“These people responsible for this are worse than the communists in Poland,” one local said when General Motors razed the neighborhood in the early 1980s.
In 1981, Detroit lawyer and activist George Corsetti decided he would capture the demise of Poletown on video, directing the documentary film, Poletown Lives!
“They were up against the giants,” Corsetti told One Detroit last week, “General Motors, the city of Detroit, the Archdiocese, the UAW, probably Wall Street too and my sense was that they weren’t going to do too well.”
Poletown Lives! captured efforts by some Detroit east side residents to keep their homes as General Motors and the City of Detroit used eminent domain to take their property and build what would become the Detroit/Hamtramck Assembly plant.
That plant made news late last month with the announcement it might close as the automaker restructures its operations.
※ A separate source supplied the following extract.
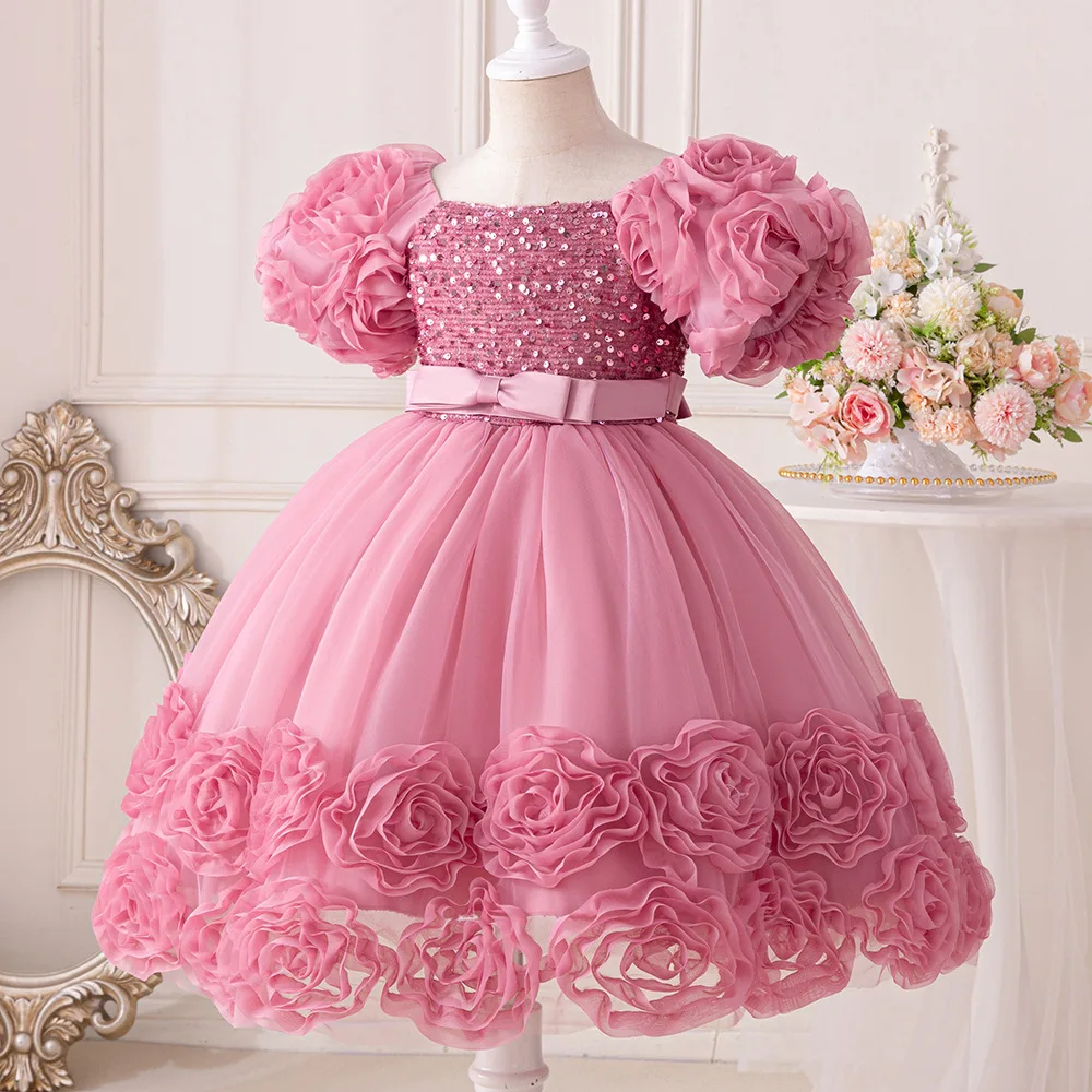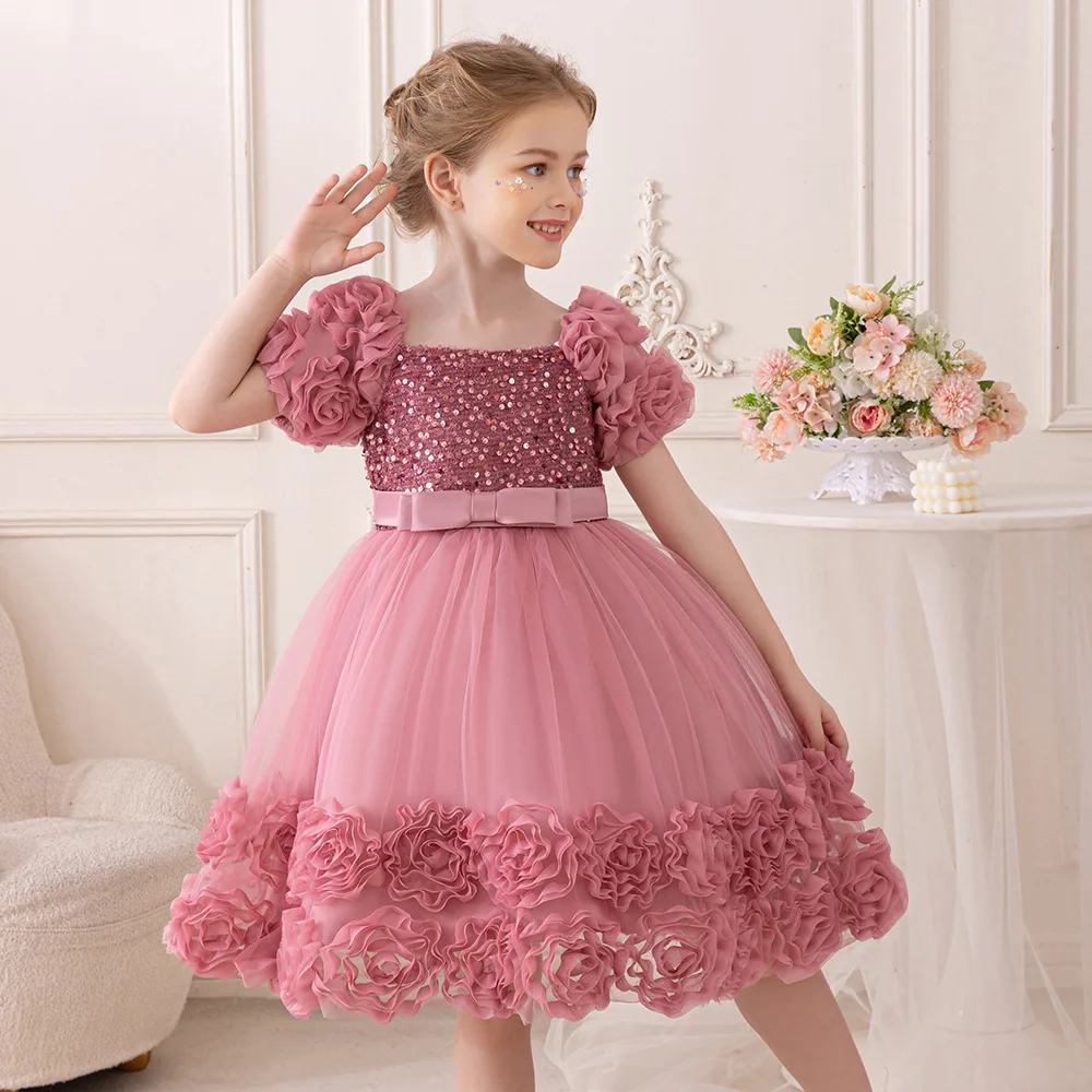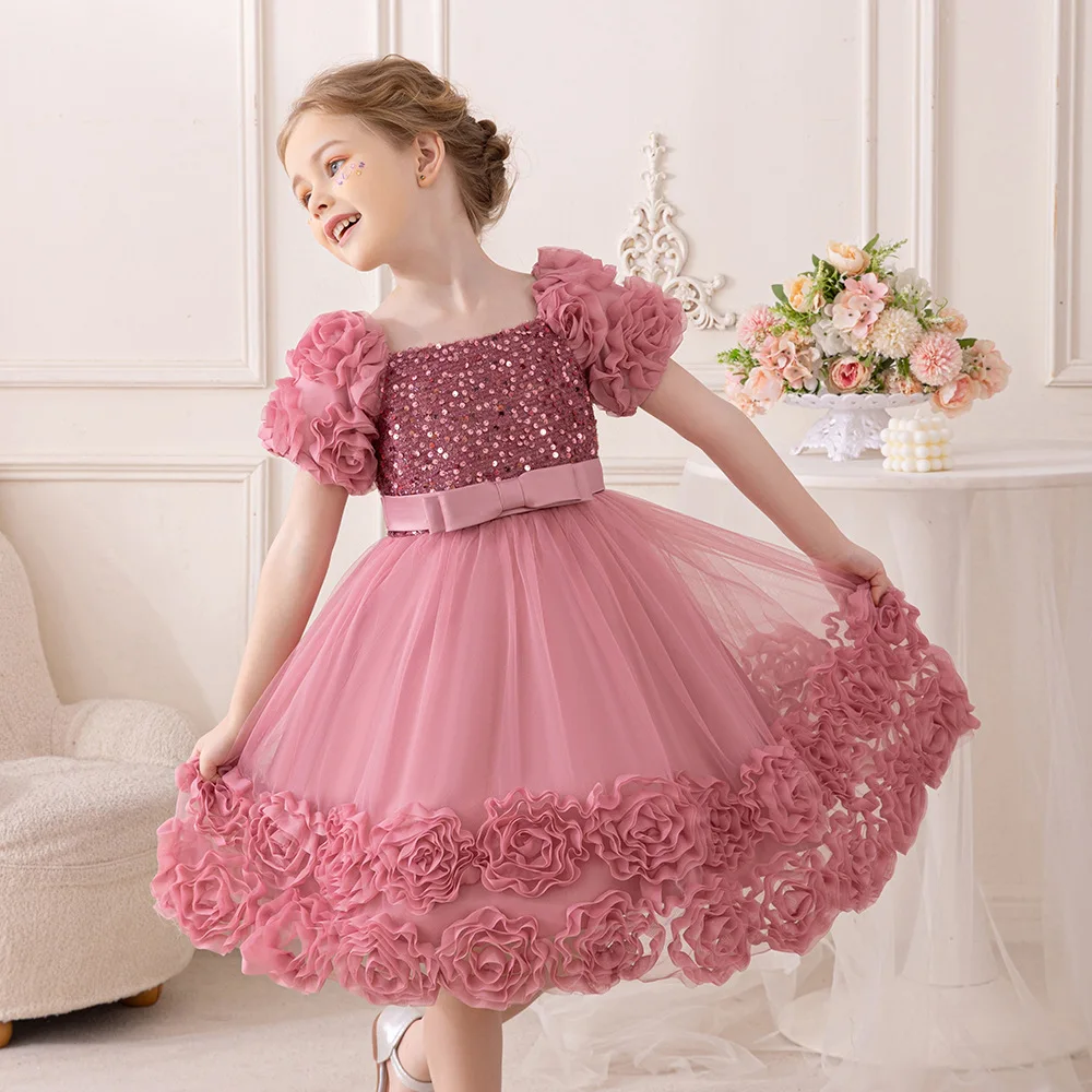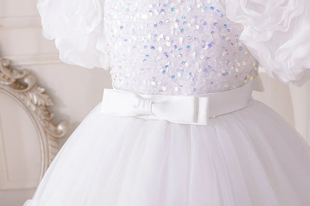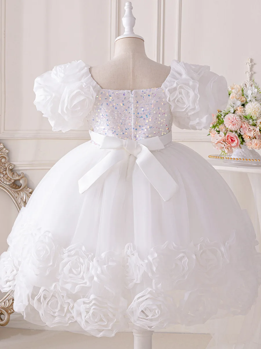 Girls Party Dresses Flower Puffy Princess Dress White Wedding Bridesmaid Birthday Party Gown Baptism Girl Elegant Dresses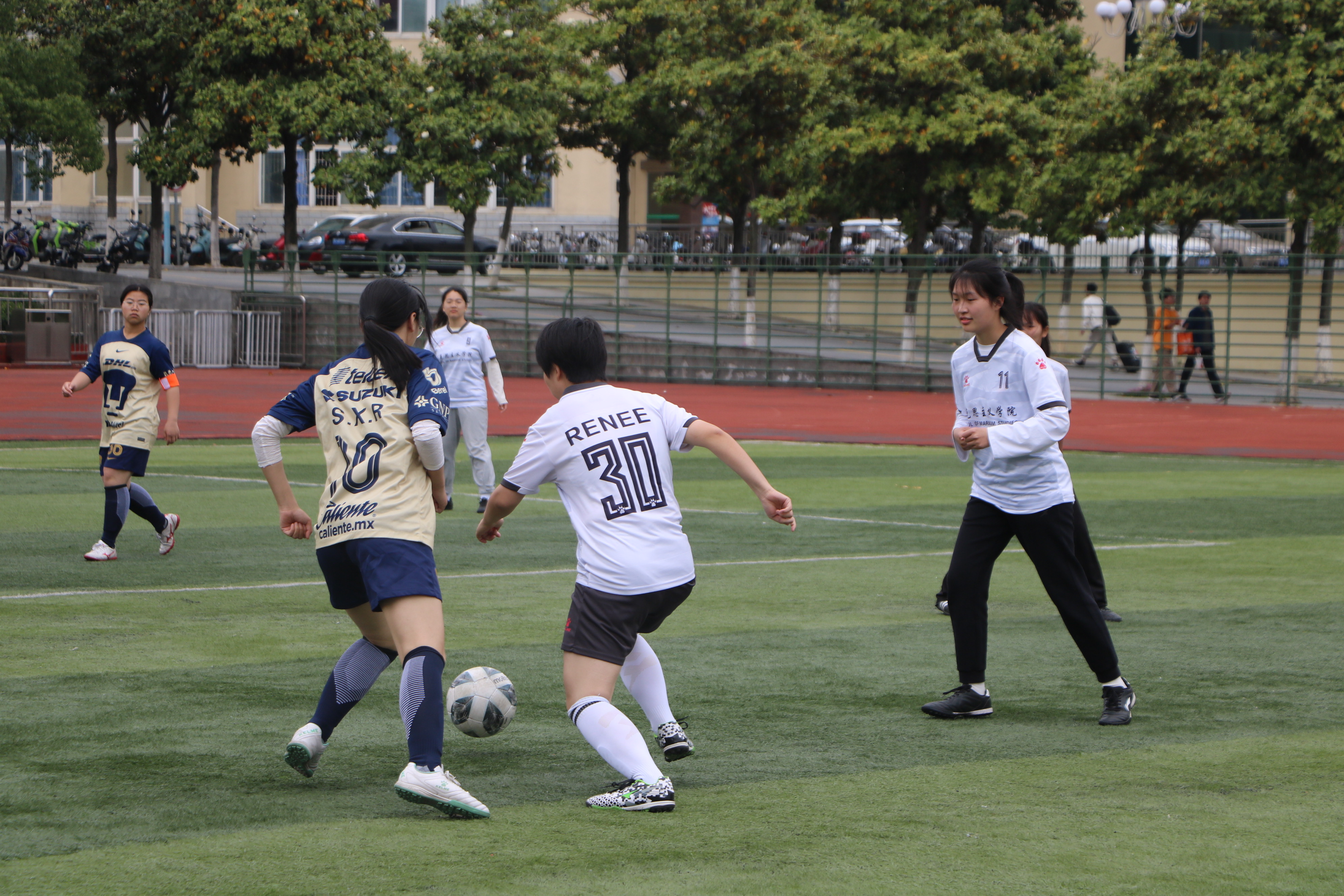 比赛开始前,我院球员开展赛前热身活动,教练对其进行战术指导和布置,嘱咐球员全力以赴,赛出风采。随着裁判的一声哨响,比赛正式开始,参赛队员迅速进入状态。上半场比赛时,我院球员先发制人,猛烈进攻,通过巧妙的传球和默契的配合赢得在场观众的阵阵喝彩。我院30号球员李木瑶反应机敏,在关键时刻凭借精湛的球技迅速突袭至对方禁区,在禁区内临门一脚,足球应声入网,成功拿下全场第一分,极大的鼓舞了我方士气。随后,我院球员严防死守,在上半场比赛中再进一球,以两分的优势结束上半场比赛。中场休息时,我院球员重新调整战略队形,为下半场比赛做好充分准备。下半场比赛时,赛场气氛愈加激烈,我院队员精神饱满、攻势不减,在喝彩声中主动出击,依靠完美的配合和矫健的身手,突破对方防守再进一球,牢牢掌握了比赛节奏。最后,我院女子足球队以3:1的比分战胜商学院,获得本次比赛的胜利。

Thirty-seven years ago Corsetti followed residents as they searched for ways to stop their removal and displacement. Thousands were displaced along with more than one hundred businesses, several churches and a hospital.
Poletown Lives! shows the wrecking ball leveling the Immaculate Conception Church, the centerpiece of Poletown’s Polish Catholic community.
“These people responsible for this are worse than the communists in Poland,” Father Joseph Karasiewicz said in the film. Someone asked him, “Including the Archdiocese, Father?”
“Absolutely. Absolutely,” Karasiewicz said, “because it’s a criminal act. You go down to a very basic definition of stealing, that’s simply taking somebody else’s property against their will, that’s all it is.”
“It was clearly over when the church went down.” Corsetti recalled.
Karasiewicz would die of a heart attack six months after his church was leveled.